Biochemical and Genetic Advances

It was the original suggestion of Garrod in 1902 that a “ferment” was missing in the tissues of alkaptonurics and that its absence prevented the oxidative conversion of homogentisic acid to maleyl acetoacetic acid. A false claim, in 1914 (8), that such an enzyme was deficient in the blood of alkaptonurics was not rectified until La Du and his colleagues, in 1962, demonstrated a deficiency of the enzyme homogentisic acid oxidase in the liver of a patient with the disease (9).

The development of molecular genetics and the technique of genetic cloning has moved our knowledge from Garrod’s initial clinical and biochemical observation to those related to mutations in DNA. Recently a number of pivotal observations have been made. A disease in mice similar to alkaptonuria in humans was studied by a group of French and German workers, under the leadership of Montagutelli at the Pasteur Institute; the mutation giving rise to the disease in the mouse was homologous to that in humans and mapped to chromosome 16 (10). Pollak and coworkers (11), using homozygosity mapping, localized the human alkaptonuria gene to a 16-cM region on 3q2.

Experimental Alkaptonuria

The efforts to create an animal model for alkaptonuria have been largely unsuccessful. Administration of special diets have been in general unrewarding, although massive feeding of tyrosine to animals has resulted in mild ochronosis. One of the difficulties in assessing the relevance of experimental models is the lack of analytical rigor employed to identify the substances giving rise to the staining of the tissues. This is in striking contrast to the early work of Garrod, who, as a well-trained organic chemist, spent a great deal of time improving the analytical accuracy of measuring homogentisic acid and associated compounds in human tissues.

Treatment

Ascorbic acid in large doses has been reported to increase the excretion of benzoquinone acetic acid, but homogentisic acid excretion was not increased. Clearly adequate treatment of the arthritic manifestations should be undertaken early. La Du has suggested that benzoquinone acetic acid, the suspected toxic metabolite derived from the oxidation of homogentisic acid, might inhibit lysine hydroxylase and this decreases the cross-linkage of collagen fibers in the connective tissues (12). This lysyl would yield cartilage more susceptible to trauma. A logical therapeutic objective might involve blocking the lysyl residues, possibly by reducing agents.

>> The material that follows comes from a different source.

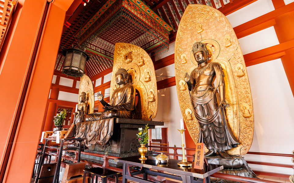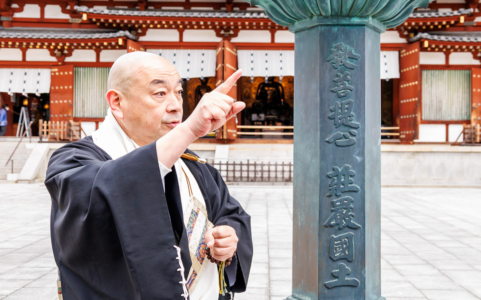 そこで待っていてくれたのが大谷徹奘(てつじょう)副住職。年間ほとんどを法話のために全国行脚に充てている名物僧侶だ。大谷副住職はこうした奈良のお寺の特徴ともいえる伽藍配置について、お釈迦様を祀る東西の塔が過去を、薬師三尊像を祀る金堂は現在を、大講堂は未来の人づくりを、と境内で過去から未来までを勉強できるようになっているためだと説明。また「南向き」「(建物内)土足」「金属の仏様」といったところが奈良のお寺の特徴とも教えてくれた。今まで京都、奈良で「古都」とひとくくりにしてしまっていたが、時代背景などでこうした違いがあるのは興味深い。

Irrespective of whether such an approach proves therapeutically useful, the more we know of the metabolic ramifications of the alkaptonuria mutation, the sooner will a rational approach to decreasing the homogentisic acid in the tissues of the body be undertaken. There is little doubt that Garrod, a modest man, would have been incredibly excited by these advances and would, I believe, be not a little embarrassed by the high pedestal on which our contemporaries have rightfully placed him.